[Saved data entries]
#####
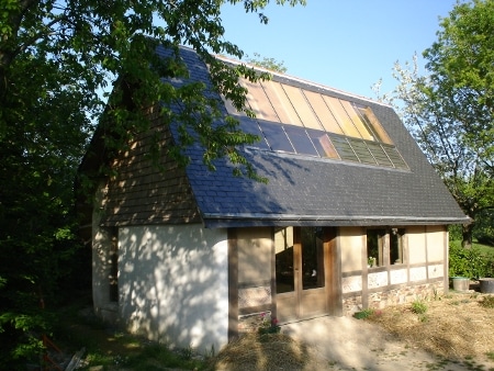 Economie : La maison est conçue comme un seul capteur solaire. Le soleil, à travers les vitres, chauffe les B.T.C. (Briques de Terre Compactées) qui accumulent les calories . La paille très isolante, à l’extérieur, prévient du froid; les murs et le plancher rayonnent donc à l’intérieur en chauffant la maison.
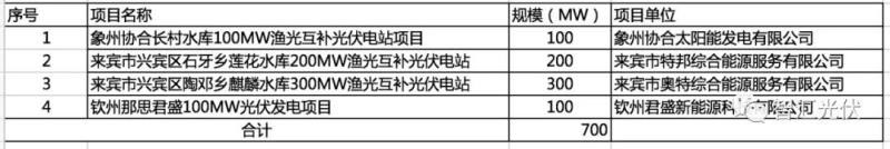 廣西?。?個(gè)項(xiàng)目,共0.7GW
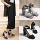 2017年夏新款磨砂真皮女凉鞋韩版粗跟女式凉拖鞋高跟一字扣女鞋子
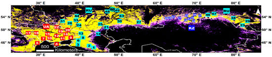 Land cover stability in Ukraine (UA), southern Russia (RU), and northern Kazakhstan (KZ) as revealed by International Geosphere Biosphere Programme (IGBP) global land cover classification scheme MODIS 0.05° cropland (IGBP class 12) land cover products for 2003–2010. For details on how the land cover stability analysis was conducted, please refer to [,]. In this figure, Yellow = stable core area; Magenta = unstable peripheral areas; Black = no occurrence of the given land cover class. Overlaid are the 49 specific cropland and one mixed forest (site 50—most northern site) study sites. The AMSR-E pixels are numbered from lower to higher latitude. Modified from []. Site names, latitudinal and longitudinal coordinates for all the study sites can be found in Table A1.
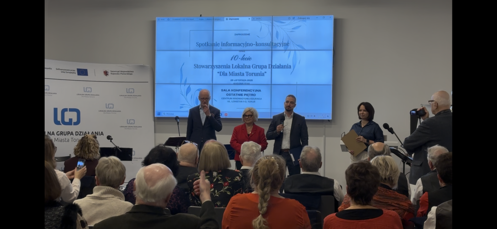 12 grudnia odbyło się uroczyste wręczenie Umów o warunkach i sposobie realizacji strategii Rozwoju Lokalnego Kierowanego przez Społeczność w latach 2021-2027 przez Zarząd Województwa Kujawsko-Pomorskiego. Lokalna Grupa Działania „Dla Miasta Torunia”, która funkcjonuje od 2016r, a której członkiem jest Gmina Miasta Toruń uzyskała dzięki temu 1.300.000 Euro na działa wspierające mieszkańców Torunia. Środki te, dysponowane w grantach, będą odpowiadały na potrzeby takich grup jak: dzieci i młodzież, seniorzy, edukacja osób dorosłych oraz wspieranie równouprawnienia i niwelowanie stereotypów związanych z płcią.
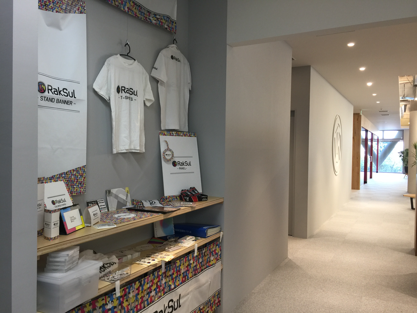 ▲おまけ:会議室の並びには、新たなロゴスペース(撮影スポット)とサンプル棚も完備!
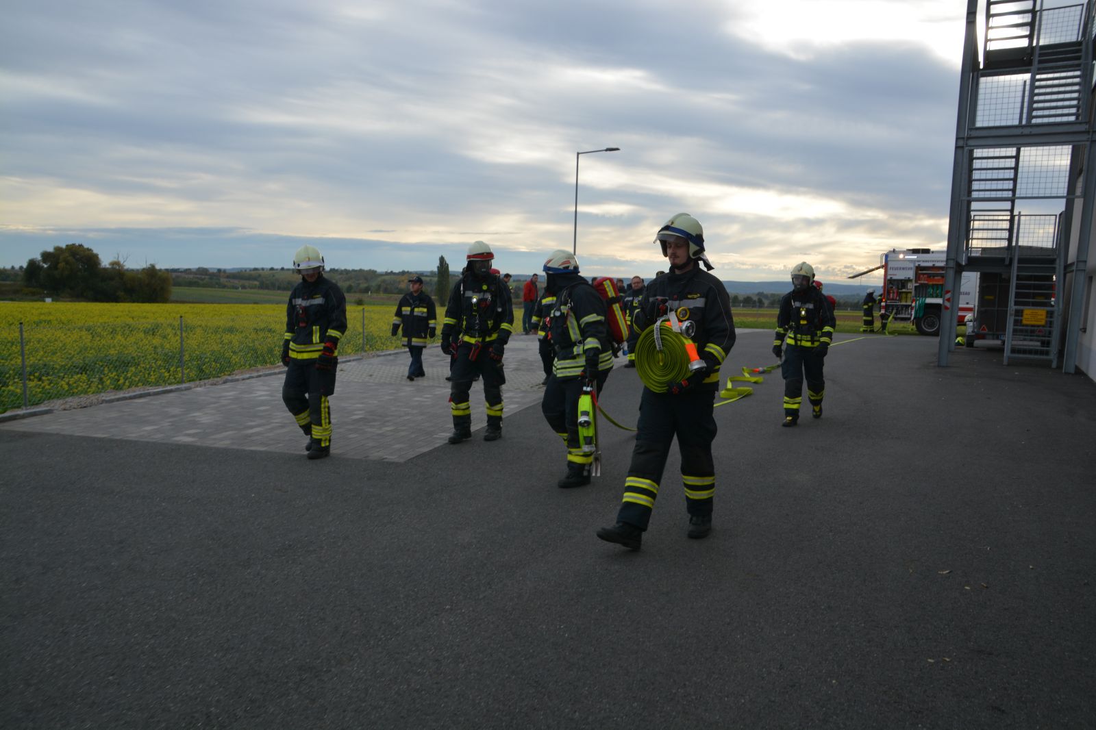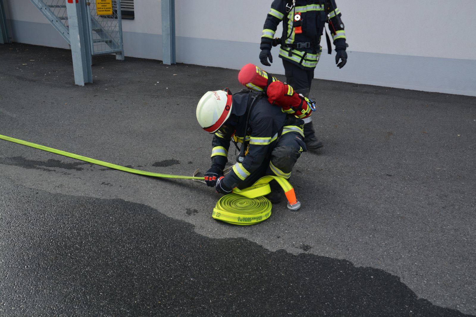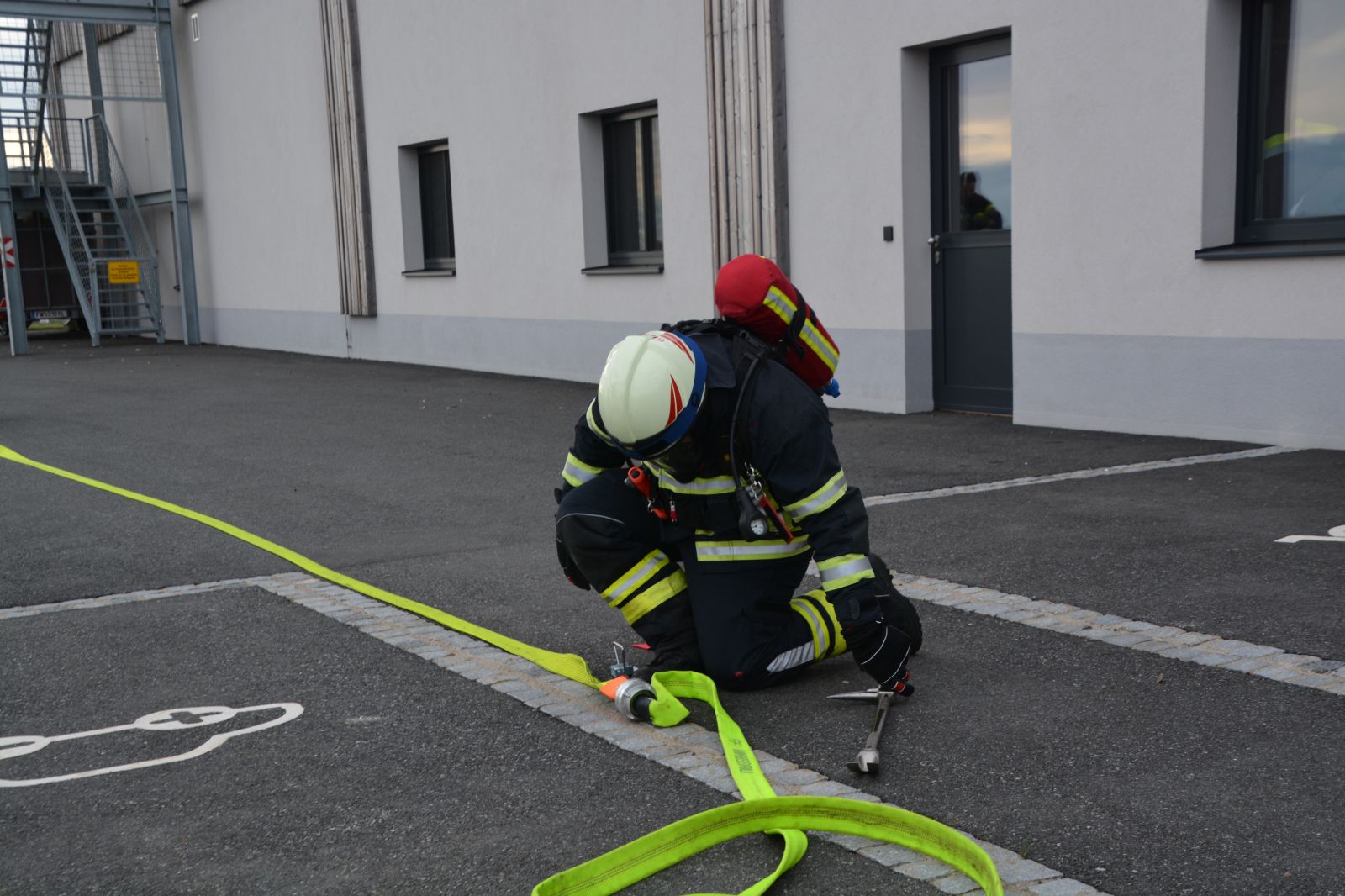 Im praktischen Teil musste ein simulierter Zimmerbrand gelöscht werden. Dabei musste der Innenangriff mit Atemschutz in einer vorgegebenen Zeit absolviert werden.
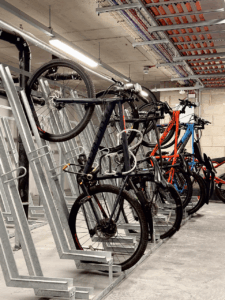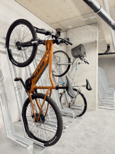 The system, holding 244 bicycles, was expertly fitted on the building’s ground floor, with all units customised to integrate seamlessly within the allocated space.
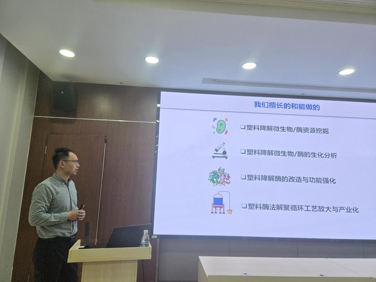 专题报告环节,青岛能源所栾国栋研究员、王士安研究员、王业飞项目研究员、张佳副研究员、聂二旗助理研究员,南京工业大学章文明教授、周俊研究员、宋天顺教授、周杰副教授、吴夏芫副教授、方艳副教授、陈飞飞副教授、孙美莉讲师先后作专题报告,系统展示了各自团队在合成生物学、生物催化、代谢工程等方向的前沿探索、关键技术突破及创新成果,凸显了双方研究力量的前沿性、互补性与协同潜力。交流研讨阶段,师生围绕学科交叉、项目合作、联合培养机制等展开热烈讨论,并就学生早期参与科研、课程共建、常态化学术交流等达成多项共识。
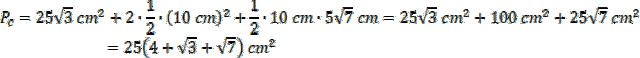Oblicz pole powierzchni całkowitej, czyli pole podstawy, pole 2 identycznych ścian oraz pole trzeciej ściany innej niż pozostałe:
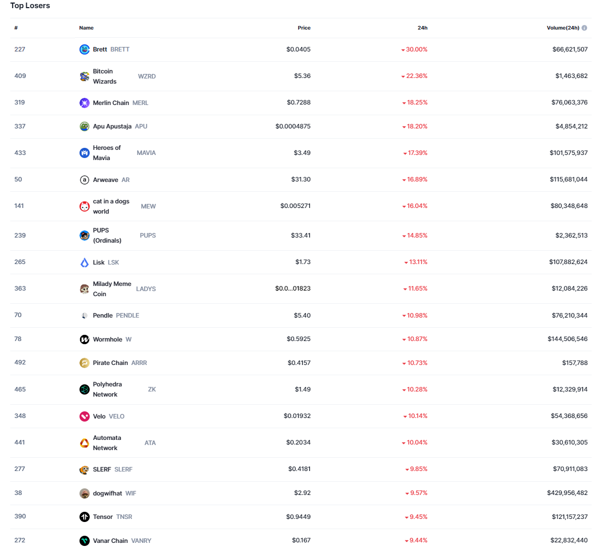 BRETT son 24 saat içerisinde %30 oranında değer kaybederken, WZRD, MERL, APU, MAVIA, AR ve MEW isimli altcoin’lerde ciddi düşüşler yaşadı.
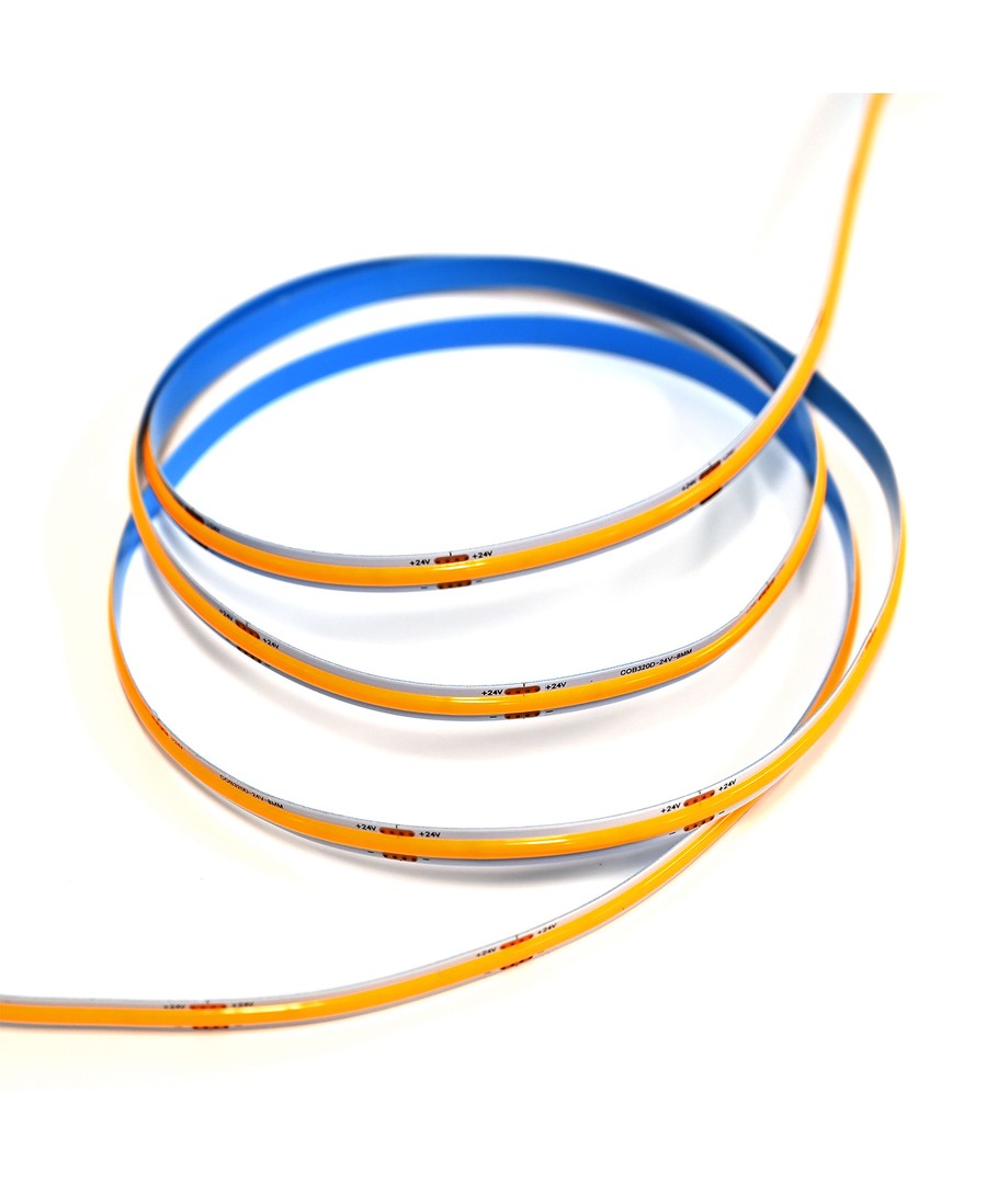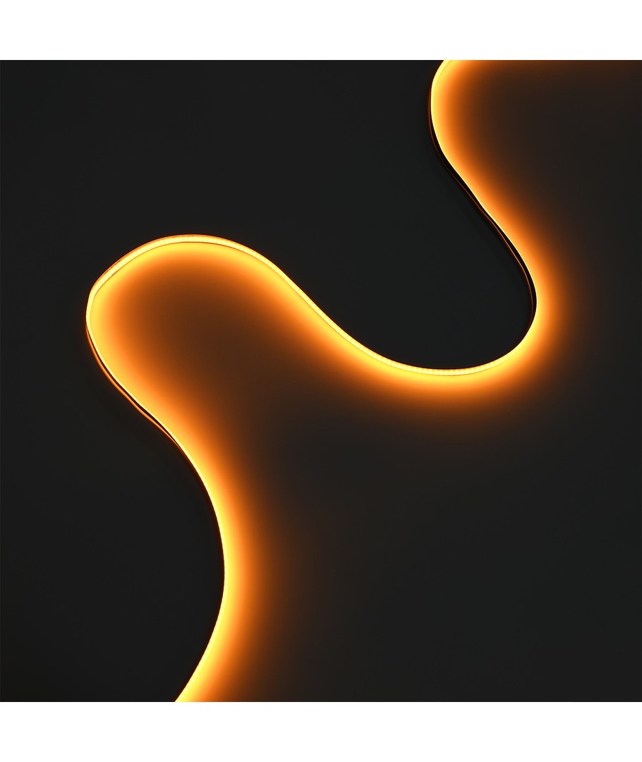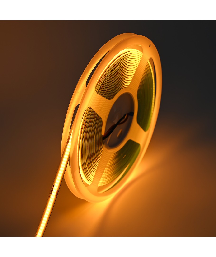 Eénkleurige goudgele COB LED strip met 320 LED's per meter.
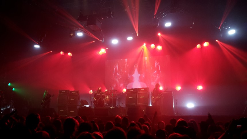 Ancora pensoso mi vado a vedere i Primus, che però restano una di quelle robe che non capivo e continuo a non capire. Roba troppo da persone intelligenti per i miei standard. La gente invece apprezza e non poco, e anche io per una volta godo del loro piacere. A seguire mi concedo un paio di pezzi di Aero-Vederci, ma giusto due che devo andare a prendere posti per vedere il mio amico John Garcia. Quello che segue è uno dei concerti più belli dei tre giorni, forse il più bello. Tra tutte le varie cose rimesse insieme dal chicano negli ultimi anni questa degli Slo-Burn mi è sembrata la più seria di tutte, la band è in pallissima, il suono grasso e preciso. I pezzi nuovi di primo acchitto mi sembrano anche più belli quelli classici. Se queste sono le premesse quando l’album uscirà sarà un gran bel sentire. Grandissima prestazione, uno di quegli apici assoluti che invoca una birretta in più anche se nei hai già prese trecento. Perché quando si incontra la perfezione bisogna usufruirne al massimo. Sugli altri palchi ci sarebbero pure altre cose ma stiamo davvero tutti cotti e quindi con Mille Petrozza che ci strilla nelle orecchie cominciamo a prendere la via d’uscita.
#####
**Task to complete:** All of the entries must be reproduced exactly, with no pictures kept.

**Answer to this exercise:**
 Economie : La maison est conçue comme un seul capteur solaire. Le soleil, à travers les vitres, chauffe les B.T.C. (Briques de Terre Compactées) qui accumulent les calories . La paille très isolante, à l’extérieur, prévient du froid; les murs et le plancher rayonnent donc à l’intérieur en chauffant la maison.
 廣西?。?個(gè)項(xiàng)目,共0.7GW
 2017年夏新款磨砂真皮女凉鞋韩版粗跟女式凉拖鞋高跟一字扣女鞋子
 Land cover stability in Ukraine (UA), southern Russia (RU), and northern Kazakhstan (KZ) as revealed by International Geosphere Biosphere Programme (IGBP) global land cover classification scheme MODIS 0.05° cropland (IGBP class 12) land cover products for 2003–2010. For details on how the land cover stability analysis was conducted, please refer to [,]. In this figure, Yellow = stable core area; Magenta = unstable peripheral areas; Black = no occurrence of the given land cover class. Overlaid are the 49 specific cropland and one mixed forest (site 50—most northern site) study sites. The AMSR-E pixels are numbered from lower to higher latitude. Modified from []. Site names, latitudinal and longitudinal coordinates for all the study sites can be found in Table A1.
 12 grudnia odbyło się uroczyste wręczenie Umów o warunkach i sposobie realizacji strategii Rozwoju Lokalnego Kierowanego przez Społeczność w latach 2021-2027 przez Zarząd Województwa Kujawsko-Pomorskiego. Lokalna Grupa Działania „Dla Miasta Torunia”, która funkcjonuje od 2016r, a której członkiem jest Gmina Miasta Toruń uzyskała dzięki temu 1.300.000 Euro na działa wspierające mieszkańców Torunia. Środki te, dysponowane w grantach, będą odpowiadały na potrzeby takich grup jak: dzieci i młodzież, seniorzy, edukacja osób dorosłych oraz wspieranie równouprawnienia i niwelowanie stereotypów związanych z płcią.
 ▲おまけ:会議室の並びには、新たなロゴスペース(撮影スポット)とサンプル棚も完備!
 Im praktischen Teil musste ein simulierter Zimmerbrand gelöscht werden. Dabei musste der Innenangriff mit Atemschutz in einer vorgegebenen Zeit absolviert werden.
 The system, holding 244 bicycles, was expertly fitted on the building’s ground floor, with all units customised to integrate seamlessly within the allocated space.
 专题报告环节,青岛能源所栾国栋研究员、王士安研究员、王业飞项目研究员、张佳副研究员、聂二旗助理研究员,南京工业大学章文明教授、周俊研究员、宋天顺教授、周杰副教授、吴夏芫副教授、方艳副教授、陈飞飞副教授、孙美莉讲师先后作专题报告,系统展示了各自团队在合成生物学、生物催化、代谢工程等方向的前沿探索、关键技术突破及创新成果,凸显了双方研究力量的前沿性、互补性与协同潜力。交流研讨阶段,师生围绕学科交叉、项目合作、联合培养机制等展开热烈讨论,并就学生早期参与科研、课程共建、常态化学术交流等达成多项共识。
Oblicz pole powierzchni całkowitej, czyli pole podstawy, pole 2 identycznych ścian oraz pole trzeciej ściany innej niż pozostałe:
 BRETT son 24 saat içerisinde %30 oranında değer kaybederken, WZRD, MERL, APU, MAVIA, AR ve MEW isimli altcoin’lerde ciddi düşüşler yaşadı.
 Eénkleurige goudgele COB LED strip met 320 LED's per meter.
 Ancora pensoso mi vado a vedere i Primus, che però restano una di quelle robe che non capivo e continuo a non capire. Roba troppo da persone intelligenti per i miei standard. La gente invece apprezza e non poco, e anche io per una volta godo del loro piacere. A seguire mi concedo un paio di pezzi di Aero-Vederci, ma giusto due che devo andare a prendere posti per vedere il mio amico John Garcia. Quello che segue è uno dei concerti più belli dei tre giorni, forse il più bello. Tra tutte le varie cose rimesse insieme dal chicano negli ultimi anni questa degli Slo-Burn mi è sembrata la più seria di tutte, la band è in pallissima, il suono grasso e preciso. I pezzi nuovi di primo acchitto mi sembrano anche più belli quelli classici. Se queste sono le premesse quando l’album uscirà sarà un gran bel sentire. Grandissima prestazione, uno di quegli apici assoluti che invoca una birretta in più anche se nei hai già prese trecento. Perché quando si incontra la perfezione bisogna usufruirne al massimo. Sugli altri palchi ci sarebbero pure altre cose ma stiamo davvero tutti cotti e quindi con Mille Petrozza che ci strilla nelle orecchie cominciamo a prendere la via d’uscita.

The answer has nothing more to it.